Selain Leather, ekonom Trinh Nguyen dari Natixis SA di Hong Kong juga – melalui akun Twitternya – mempertanyakan statistik yang diterbitkan secara resmi oleh pemerintah Indonesia. Nguyen pun mempertanyakan letak pertumbuhan Indonesia selama periode waktu tersebut.
Tentunya, sebagai Menkeu, Sri Mulyani harus tetap tangguh dalam menghadapi persoalan ini. Menkeu yang banyak mendapatkan penghargaan ini menangkal dugaan para ekonom asing ini dan mendorong Badan Pusat Statistik (BPS) – lembaga statistik pemerintah – untuk mengundang para ekonom dalam mengamati metodologi mereka.

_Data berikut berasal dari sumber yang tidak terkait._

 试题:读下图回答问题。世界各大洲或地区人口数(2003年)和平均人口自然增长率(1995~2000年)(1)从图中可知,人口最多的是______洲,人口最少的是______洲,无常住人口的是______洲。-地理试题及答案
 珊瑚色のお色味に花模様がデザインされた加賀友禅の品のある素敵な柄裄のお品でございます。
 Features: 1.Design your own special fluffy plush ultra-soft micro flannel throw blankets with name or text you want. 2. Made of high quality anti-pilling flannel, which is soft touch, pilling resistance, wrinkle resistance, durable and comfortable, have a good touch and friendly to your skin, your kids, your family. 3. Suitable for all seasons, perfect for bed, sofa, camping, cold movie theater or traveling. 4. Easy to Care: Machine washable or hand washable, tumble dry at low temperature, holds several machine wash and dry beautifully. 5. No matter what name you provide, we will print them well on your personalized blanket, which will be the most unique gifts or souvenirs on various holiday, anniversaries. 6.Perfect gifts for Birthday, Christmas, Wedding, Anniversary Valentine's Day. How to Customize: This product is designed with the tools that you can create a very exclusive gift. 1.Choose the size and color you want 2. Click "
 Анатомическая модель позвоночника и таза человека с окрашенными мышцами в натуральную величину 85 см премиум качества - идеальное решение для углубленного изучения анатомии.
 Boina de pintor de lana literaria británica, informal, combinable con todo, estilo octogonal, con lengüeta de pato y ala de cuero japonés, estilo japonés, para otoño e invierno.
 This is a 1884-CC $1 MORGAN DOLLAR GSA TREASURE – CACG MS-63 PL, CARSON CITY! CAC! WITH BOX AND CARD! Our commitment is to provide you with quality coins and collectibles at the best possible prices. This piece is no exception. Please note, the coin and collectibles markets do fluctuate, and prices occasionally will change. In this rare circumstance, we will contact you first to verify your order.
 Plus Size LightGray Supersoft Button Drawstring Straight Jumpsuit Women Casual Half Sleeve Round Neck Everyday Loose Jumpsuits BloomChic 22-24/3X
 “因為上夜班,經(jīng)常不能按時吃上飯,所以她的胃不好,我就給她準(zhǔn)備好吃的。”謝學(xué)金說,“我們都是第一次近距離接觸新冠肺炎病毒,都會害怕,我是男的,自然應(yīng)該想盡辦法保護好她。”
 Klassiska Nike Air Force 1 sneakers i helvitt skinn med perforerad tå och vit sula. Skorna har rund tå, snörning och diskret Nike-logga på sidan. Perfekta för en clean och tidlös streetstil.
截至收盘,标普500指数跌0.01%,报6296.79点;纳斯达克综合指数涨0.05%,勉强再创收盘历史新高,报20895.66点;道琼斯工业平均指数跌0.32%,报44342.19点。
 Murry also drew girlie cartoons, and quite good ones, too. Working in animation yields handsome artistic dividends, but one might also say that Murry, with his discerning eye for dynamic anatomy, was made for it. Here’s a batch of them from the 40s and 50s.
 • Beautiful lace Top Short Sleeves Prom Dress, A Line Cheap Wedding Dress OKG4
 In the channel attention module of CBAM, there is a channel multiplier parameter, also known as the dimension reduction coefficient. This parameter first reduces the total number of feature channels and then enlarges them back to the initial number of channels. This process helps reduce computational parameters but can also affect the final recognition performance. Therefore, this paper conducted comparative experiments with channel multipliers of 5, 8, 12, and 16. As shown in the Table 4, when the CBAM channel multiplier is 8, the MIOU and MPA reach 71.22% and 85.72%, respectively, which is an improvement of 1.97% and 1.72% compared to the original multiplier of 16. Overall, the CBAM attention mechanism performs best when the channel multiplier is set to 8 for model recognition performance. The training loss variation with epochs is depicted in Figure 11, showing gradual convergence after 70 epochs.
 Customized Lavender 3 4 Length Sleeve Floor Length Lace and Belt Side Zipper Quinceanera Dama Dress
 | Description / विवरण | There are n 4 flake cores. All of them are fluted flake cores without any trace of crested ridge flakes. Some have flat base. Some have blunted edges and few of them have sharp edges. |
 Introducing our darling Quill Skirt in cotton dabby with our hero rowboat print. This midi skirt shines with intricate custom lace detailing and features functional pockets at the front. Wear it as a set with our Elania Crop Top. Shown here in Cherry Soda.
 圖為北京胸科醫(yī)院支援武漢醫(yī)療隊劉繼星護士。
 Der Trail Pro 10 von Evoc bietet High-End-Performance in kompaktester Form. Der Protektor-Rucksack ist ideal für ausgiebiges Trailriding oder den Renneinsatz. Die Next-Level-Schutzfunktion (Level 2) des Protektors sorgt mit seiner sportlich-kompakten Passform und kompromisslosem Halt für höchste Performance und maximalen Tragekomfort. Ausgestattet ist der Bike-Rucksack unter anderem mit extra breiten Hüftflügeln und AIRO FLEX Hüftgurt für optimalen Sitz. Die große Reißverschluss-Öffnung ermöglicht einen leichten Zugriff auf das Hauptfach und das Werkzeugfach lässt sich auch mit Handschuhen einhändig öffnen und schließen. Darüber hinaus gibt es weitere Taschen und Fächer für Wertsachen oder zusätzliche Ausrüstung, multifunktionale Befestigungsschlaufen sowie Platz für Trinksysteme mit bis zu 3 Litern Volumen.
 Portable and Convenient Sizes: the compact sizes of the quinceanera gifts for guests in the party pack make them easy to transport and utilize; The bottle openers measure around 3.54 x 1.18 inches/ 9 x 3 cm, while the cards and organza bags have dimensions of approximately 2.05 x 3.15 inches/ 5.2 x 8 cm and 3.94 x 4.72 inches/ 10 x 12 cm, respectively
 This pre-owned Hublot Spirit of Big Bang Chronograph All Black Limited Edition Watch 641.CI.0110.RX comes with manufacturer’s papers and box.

Selain Sri Mulyani, Kepala BPS Suhariyanto juga tidak tinggal diam. Pemimpin lembaga statistik ini ikut membantah dugaan para ekonom dan menjamin independensi institusinya.
Terlepas dari benar atau tidaknya statitistik PDB pemerintah tersebut, bagaimanakah manipulasi data PDB ini dilakukan? Mengapa statistik menjadi penting bagi pemerintah?
Dugaan Manipulasi
Dugaan akan adanya manipulasi statistik PDB sebenarnya tidak hanya menimpa pemerintah Indonesia saja. Di berbagai negara lain seperti India, Tiongkok, dan Argentina, dugaan serupa juga menghantui pemerintah di negara-negara itu.
India misalnya, menjadi bulan-bulanan bagi 108 ekonom dari India dan negara-negara lain. Para ahli menduga bahwa data-data ekonomi yang disajikan oleh pemerintah negara Asia Selatan ini telah dicampuri oleh interferensi politik melalui upaya-upaya seperti revisi dan penyembunyian.
Beberapa statistik yang diduga dimanipulasi adalah data mengenai tingkat pertumbuhan PDB dan tingkat pengangguran. Akibatnya, para ahli meminta pemerintah India untuk mengembalikan independensi dan kredibilitas berbagai lembaga penelitian dan survei di negara itu, seperti Central Statistics Office (CSO).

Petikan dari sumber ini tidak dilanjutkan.